_Exercise instructions_: Repeat each line of the data below exactly, but skip the pictures.
BEGIN Data records
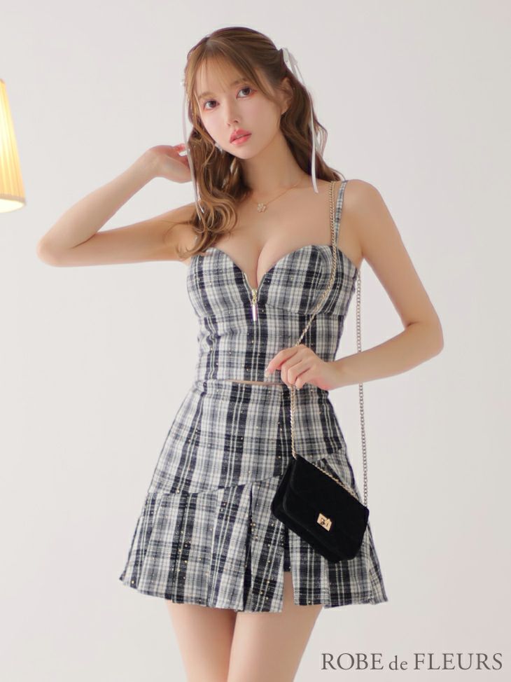 他の画像を見る ちょっぴりCUTEなさわやかな雰囲気☆ [Angel-R/エンジェルアール] 高級バストビジューチェック柄ツイードセットアップキャミソールフレアミニドレス ¥ 29,480 税込 在庫切れ お気に入りに追加
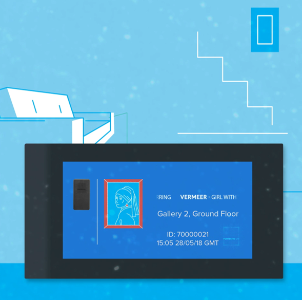 Solution autonome à écran tactile, Fortecho Lite assure une surveillance sans fil continue (24h/24 et 7j/7) des peintures, estampes, vitrines, sculptures et autres objets de valeur, à une échelle réduite.
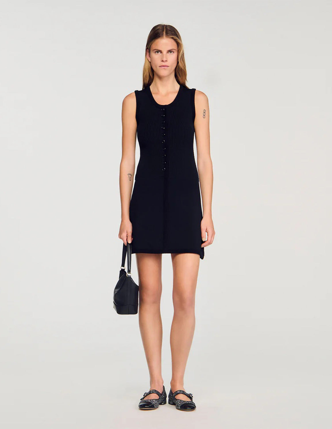 • Short rib-knit dress with a round neck and tone-on-tone press-stud fastening.
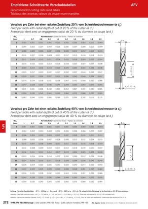 ap=1,5 x d1ap=1,5 x d1 Empfohlene Schnittwerte Vorschubtabellen AFV Recommended cutting data feed tables Tableaux des avances valeurs de coupe recommandées Vorschub pro Zahn bei einer radialen Zustellung 20 % vom Schneidendurchmesser (ø d1) Feed per tooth with radial depth of cut of 20 % of the cutter (ø d1) Avance par dent avec un engagement radial de 20 % du diamètre de coupe (ø d1) Ø d1 Korrekturfaktor / Correction factor / Facteur de correction [mm] 1 0,7 0,8 0,9 1,1 1,2 1,5 1,6 1,8 1,9 Ø d1 1 0,002 0,001 0,001 0,001 0,002 0,002 0,003 0,003 0,003 0,003 2 0,005 0,003 0,004 0,004 0,005 0,006 0,007 0,008 0,009 0,009 3 0,008 0,005 0,006 0,007 0,008 0,009 0,012 0,012 0,014 0,015 4 0,010 0,007 0,008 0,009 0,011 0,012 0,015 0,016 0,018 0,019 5 0,013 0,009 0,010 0,011 0,014 0,015 0,019 0,020 0,023 0,024 6 0,015 0,010 0,012 0,013 0,016 0,018 0,022 0,024 0,027 0,028 8 0,020 0,014 0,016 0,018 0,022 0,024 0,030 0,032 0,036 0,038 10 0,025 0,017 0,020 0,022 0,027 0,030 0,037 0,040 0,045 0,047 12 0,030 0,021 0,024 0,027 0,033 0,036 0,045 0,048 0,054 0,057 14 0,035 0,024 0,028 0,031 0,038 0,042 0,052 0,056 0,063 0,066 16 0,040 0,028 0,032 0,036 0,044 0,048 0,060 0,064 0,072 0,076 ae=0,20 x d1 18 0,045 0,031 0,036 0,040 0,049 0,054 0,067 0,072 0,081 0,085 20 0,050 0,035 0,040 0,045 0,055 0,060 0,075 0,080 0,090 0,095 25 0,063 0,044 0,050 0,056 0,069 0,075 0,094 0,100 0,113 0,119 Vorschub pro Zahn bei einer radialen Zustellung 40 % vom Schneidendurchmesser (ø d1) Feed per tooth with radial depth of cut of 40 % of the cutter (ø d1) Avance par dent avec un engagement radial de 40 % du diamètre de coupe (ø d1) Ø d1 Korrekturfaktor / Correction factor / Facteur de correction [mm] 1 0,7 0,8 0,9 1,1 1,2 1,5 1,6 1,8 1,9 Ø d1 1 0,001 0,001 0,001 0,001 0,001 0,001 0,002 0,002 0,002 0,003 2 0,004 0,002 0,003 0,003 0,004 0,004 0,006 0,006 0,007 0,007 3 0,006 0,004 0,005 0,005 0,007 0,007 0,009 0,010 0,011 0,012 4 0,008 0,005 0,006 0,007 0,008 0,009 0,012 0,012 0,014 0,015 5 0,010 0,007 0,008 0,009 0,011 0,012 0,015 0,016 0,018 0,019 6 0,012 0,008 0,009 0,010 0,013 0,014 0,018 0,019 0,021 0,022 8 0,016 0,011 0,012 0,014 0,017 0,019 0,024 0,025 0,028 0,030 10 0,020 0,014 0,016 0,018 0,022 0,024 0,030 0,032 0,036 0,038 12 0,024 0,016 0,019 0,021 0,026 0,028 0,036 0,038 0,043 0,045 14 0,028 0,019 0,022 0,025 0,030 0,033 0,042 0,044 0,050 0,053 16 0,032 0,022 0,025 0,028 0,035 0,038 0,048 0,051 0,057 0,060 ae=0,40 x d1 18 0,036 0,025 0,028 0,032 0,039 0,043 0,054 0,057 0,064 0,068 20 0,040 0,028 0,032 0,036 0,044 0,048 0,060 0,064 0,072 0,076 25 0,050 0,035 0,040 0,045 0,055 0,060 0,075 0,080 0,090 0,095 Achtung: Vorschub-Korrekturfaktor ➝ Kf fz = 1,10 bei ap = 1 x d1 und ➝ Kf fz = 1,25 bei ap = 0,5 x d1. Für unbeschichtete Werkzeuge ist der Vorschub um 10 - 20 % zu reduzieren. Attention: Feed rate correction factor ➝ Kf fz = 1,10 with ap = 1 x d1 and ➝ Kf fz = 1,25 with ap = 0,5 x d1. Feed rates are reduced by 10 - 20 % for uncoated tools. Attention : Facteur de correction d’avance ➝ Kf fz = 1,10 pour ap = 1 x d1 et ➝ Kf fz = 1,25 pour ap = 0,5 x d1. Pour les outils sans revêtement, l’avance doit être réduite de 10 à 20 %. 272 VHM- / PM-HSS Werkzeuge | Solid carbide- / PM-HSS Tools | Outils carbure monobloc / PM-HSS Alle Angaben in mm / Dimensions in mm / Toutes les dimensions en mm AFV
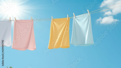 colorful laundry drying on clothesline under sunny blue sky, fresh air drying, eco-friendly cleaning, bright and cheerful outdoor scene.
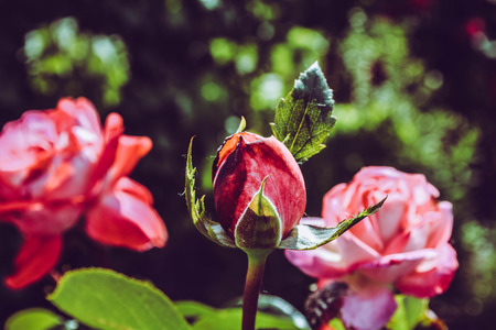 Beauty delicate rosebud pink roses at sunny day
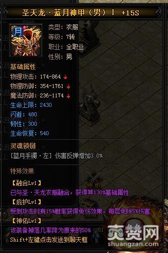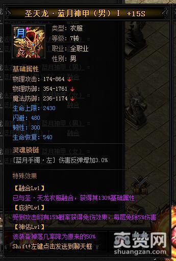 按照上述公式,就能合成圣天龙·蓝月神甲I,下面再让我们看一下它有哪些独特的属性和特殊效果吧。
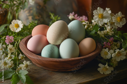 Wooden bowl with a dozen eggs in it. The eggs are white and pink. There are also some flowers in the bowl
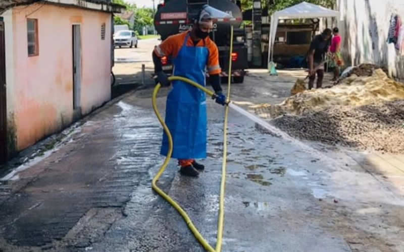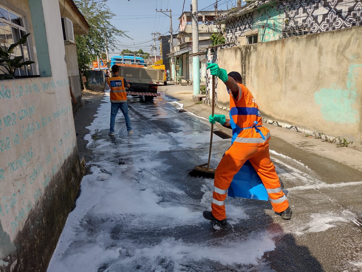 A ação é realizada com uma solução de hipoclorito e/ou detergente
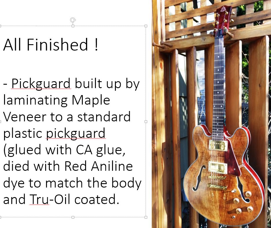 Processing on the build. After much research on options for finishing spalted maple I have elected to simply Tru-Oil the veneer on the top face. I have sourced the Tru-Oil at Lee Valley in Ontario and also found they stock Red Aniline dye that am using for the rest of the wood work (sides/back/neck). I put a few coats of Tru-Oil on the face (after masking off the sides with Fine Line tape to prevent oil bleeding through onto the sides). This protects the top from any accidental staining when I use the Red Aniline dye.
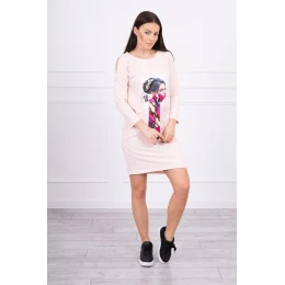 Šaty s model 18744100 a barevnou 3D mašlí pudrově růžové - K-Fashion
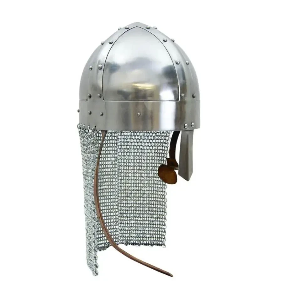 Ну, это что-то уж совсем примитивное. Зато недорого и потом на этот шлем можно прикрепить некие украшения, вырезанные из липовых ламелей и к тому же раскрасить в гербовые цвета. Потом надеваешь гербовое сюрко, под него стеганку и кольчужные совсем короткие нарукавники и… вот ты и рыцарь, ведь никто не не будет проверять – одета на тебе вся кольчуга, или же из под сюрко торчат лишь только рукава?!
END Data records
_Task output_:
 他の画像を見る ちょっぴりCUTEなさわやかな雰囲気☆ [Angel-R/エンジェルアール] 高級バストビジューチェック柄ツイードセットアップキャミソールフレアミニドレス ¥ 29,480 税込 在庫切れ お気に入りに追加
 Solution autonome à écran tactile, Fortecho Lite assure une surveillance sans fil continue (24h/24 et 7j/7) des peintures, estampes, vitrines, sculptures et autres objets de valeur, à une échelle réduite.
 • Short rib-knit dress with a round neck and tone-on-tone press-stud fastening.
 ap=1,5 x d1ap=1,5 x d1 Empfohlene Schnittwerte Vorschubtabellen AFV Recommended cutting data feed tables Tableaux des avances valeurs de coupe recommandées Vorschub pro Zahn bei einer radialen Zustellung 20 % vom Schneidendurchmesser (ø d1) Feed per tooth with radial depth of cut of 20 % of the cutter (ø d1) Avance par dent avec un engagement radial de 20 % du diamètre de coupe (ø d1) Ø d1 Korrekturfaktor / Correction factor / Facteur de correction [mm] 1 0,7 0,8 0,9 1,1 1,2 1,5 1,6 1,8 1,9 Ø d1 1 0,002 0,001 0,001 0,001 0,002 0,002 0,003 0,003 0,003 0,003 2 0,005 0,003 0,004 0,004 0,005 0,006 0,007 0,008 0,009 0,009 3 0,008 0,005 0,006 0,007 0,008 0,009 0,012 0,012 0,014 0,015 4 0,010 0,007 0,008 0,009 0,011 0,012 0,015 0,016 0,018 0,019 5 0,013 0,009 0,010 0,011 0,014 0,015 0,019 0,020 0,023 0,024 6 0,015 0,010 0,012 0,013 0,016 0,018 0,022 0,024 0,027 0,028 8 0,020 0,014 0,016 0,018 0,022 0,024 0,030 0,032 0,036 0,038 10 0,025 0,017 0,020 0,022 0,027 0,030 0,037 0,040 0,045 0,047 12 0,030 0,021 0,024 0,027 0,033 0,036 0,045 0,048 0,054 0,057 14 0,035 0,024 0,028 0,031 0,038 0,042 0,052 0,056 0,063 0,066 16 0,040 0,028 0,032 0,036 0,044 0,048 0,060 0,064 0,072 0,076 ae=0,20 x d1 18 0,045 0,031 0,036 0,040 0,049 0,054 0,067 0,072 0,081 0,085 20 0,050 0,035 0,040 0,045 0,055 0,060 0,075 0,080 0,090 0,095 25 0,063 0,044 0,050 0,056 0,069 0,075 0,094 0,100 0,113 0,119 Vorschub pro Zahn bei einer radialen Zustellung 40 % vom Schneidendurchmesser (ø d1) Feed per tooth with radial depth of cut of 40 % of the cutter (ø d1) Avance par dent avec un engagement radial de 40 % du diamètre de coupe (ø d1) Ø d1 Korrekturfaktor / Correction factor / Facteur de correction [mm] 1 0,7 0,8 0,9 1,1 1,2 1,5 1,6 1,8 1,9 Ø d1 1 0,001 0,001 0,001 0,001 0,001 0,001 0,002 0,002 0,002 0,003 2 0,004 0,002 0,003 0,003 0,004 0,004 0,006 0,006 0,007 0,007 3 0,006 0,004 0,005 0,005 0,007 0,007 0,009 0,010 0,011 0,012 4 0,008 0,005 0,006 0,007 0,008 0,009 0,012 0,012 0,014 0,015 5 0,010 0,007 0,008 0,009 0,011 0,012 0,015 0,016 0,018 0,019 6 0,012 0,008 0,009 0,010 0,013 0,014 0,018 0,019 0,021 0,022 8 0,016 0,011 0,012 0,014 0,017 0,019 0,024 0,025 0,028 0,030 10 0,020 0,014 0,016 0,018 0,022 0,024 0,030 0,032 0,036 0,038 12 0,024 0,016 0,019 0,021 0,026 0,028 0,036 0,038 0,043 0,045 14 0,028 0,019 0,022 0,025 0,030 0,033 0,042 0,044 0,050 0,053 16 0,032 0,022 0,025 0,028 0,035 0,038 0,048 0,051 0,057 0,060 ae=0,40 x d1 18 0,036 0,025 0,028 0,032 0,039 0,043 0,054 0,057 0,064 0,068 20 0,040 0,028 0,032 0,036 0,044 0,048 0,060 0,064 0,072 0,076 25 0,050 0,035 0,040 0,045 0,055 0,060 0,075 0,080 0,090 0,095 Achtung: Vorschub-Korrekturfaktor ➝ Kf fz = 1,10 bei ap = 1 x d1 und ➝ Kf fz = 1,25 bei ap = 0,5 x d1. Für unbeschichtete Werkzeuge ist der Vorschub um 10 - 20 % zu reduzieren. Attention: Feed rate correction factor ➝ Kf fz = 1,10 with ap = 1 x d1 and ➝ Kf fz = 1,25 with ap = 0,5 x d1. Feed rates are reduced by 10 - 20 % for uncoated tools. Attention : Facteur de correction d’avance ➝ Kf fz = 1,10 pour ap = 1 x d1 et ➝ Kf fz = 1,25 pour ap = 0,5 x d1. Pour les outils sans revêtement, l’avance doit être réduite de 10 à 20 %. 272 VHM- / PM-HSS Werkzeuge | Solid carbide- / PM-HSS Tools | Outils carbure monobloc / PM-HSS Alle Angaben in mm / Dimensions in mm / Toutes les dimensions en mm AFV
 colorful laundry drying on clothesline under sunny blue sky, fresh air drying, eco-friendly cleaning, bright and cheerful outdoor scene.
 Beauty delicate rosebud pink roses at sunny day
 按照上述公式,就能合成圣天龙·蓝月神甲I,下面再让我们看一下它有哪些独特的属性和特殊效果吧。
 Wooden bowl with a dozen eggs in it. The eggs are white and pink. There are also some flowers in the bowl
 A ação é realizada com uma solução de hipoclorito e/ou detergente
 Processing on the build. After much research on options for finishing spalted maple I have elected to simply Tru-Oil the veneer on the top face. I have sourced the Tru-Oil at Lee Valley in Ontario and also found they stock Red Aniline dye that am using for the rest of the wood work (sides/back/neck). I put a few coats of Tru-Oil on the face (after masking off the sides with Fine Line tape to prevent oil bleeding through onto the sides). This protects the top from any accidental staining when I use the Red Aniline dye.
 Šaty s model 18744100 a barevnou 3D mašlí pudrově růžové - K-Fashion
 Ну, это что-то уж совсем примитивное. Зато недорого и потом на этот шлем можно прикрепить некие украшения, вырезанные из липовых ламелей и к тому же раскрасить в гербовые цвета. Потом надеваешь гербовое сюрко, под него стеганку и кольчужные совсем короткие нарукавники и… вот ты и рыцарь, ведь никто не не будет проверять – одета на тебе вся кольчуга, или же из под сюрко торчат лишь только рукава?!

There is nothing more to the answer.